Last week Cyril Ramaphosa sounded the alarm about South Africa's water crisis. Citing the famous line from Coleridge's Rime of the Ancient Mariner about "water, water everywhere, nor any drop to drink," he said that "unless we act now, we may not have water anywhere".
The combination of a "decade-long drought", "already over-exploited water systems", and "worsening effects of climate change" confronted the country with a "dire situation". Other causes included "mismanagement and corruption" in the water sector, billing errors, unauthorised usage, and "outright theft". Whether in the building of infrastructure or at municipal level, "serious accountability and governance issues" persisted.

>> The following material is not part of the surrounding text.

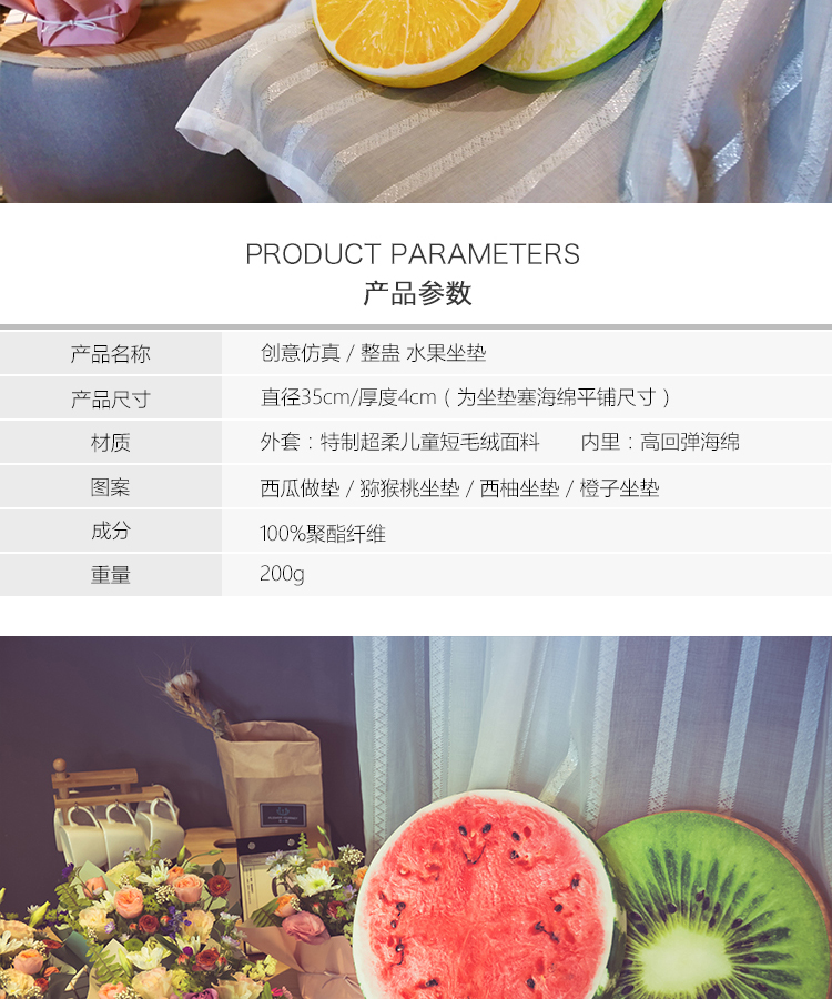 西瓜 青檸 獼猴桃 香橙 水果抱枕

Releasing the government's latest water and sanitation master plan the previous week, the minister of human settlements, water, and sanitation, Lindiwe Sisulu, identified a lack of skilled water engineers as among the other causes of the water crisis. Implementation of the master plan would cost the country nearly R900 billion over the next ten years, she said.
There is nothing new in any of this. What is missing is any acknowledgement by President Ramaphosa of the consequences for the water sector of the implementation of his party's major policies of cadre deployment and racial preferencing, the latter including procurement requirements, affirmative action, and black economic empowerment.

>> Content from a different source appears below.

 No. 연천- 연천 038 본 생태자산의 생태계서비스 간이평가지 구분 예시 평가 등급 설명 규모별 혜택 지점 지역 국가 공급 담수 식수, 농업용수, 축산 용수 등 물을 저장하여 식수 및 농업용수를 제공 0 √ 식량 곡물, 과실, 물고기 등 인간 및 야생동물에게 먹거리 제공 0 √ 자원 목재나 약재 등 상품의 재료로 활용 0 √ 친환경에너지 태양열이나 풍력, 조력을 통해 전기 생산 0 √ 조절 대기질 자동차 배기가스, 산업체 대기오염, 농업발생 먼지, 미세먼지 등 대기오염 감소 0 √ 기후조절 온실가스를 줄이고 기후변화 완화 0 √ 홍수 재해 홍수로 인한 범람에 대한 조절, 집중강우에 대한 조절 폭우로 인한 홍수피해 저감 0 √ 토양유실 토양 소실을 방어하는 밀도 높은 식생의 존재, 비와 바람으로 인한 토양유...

Various water specialists have identified some of these consequences. Qualified officials both black and white have been shunted aside as a succession of ministers have brought in their own top management. The national department multiplied director-level posts, leaving it with layers of managers but nobody to do the work.
Posts in the water sector have been left unfilled rather than having whites appointed to them. Highly-qualified staff, ranging from engineers to microbiologists and ecologists, have been placed under pressure to leave long before retirement age in order to meet transformation targets. Political appointees have been appointed to jobs requiring technocratic skills.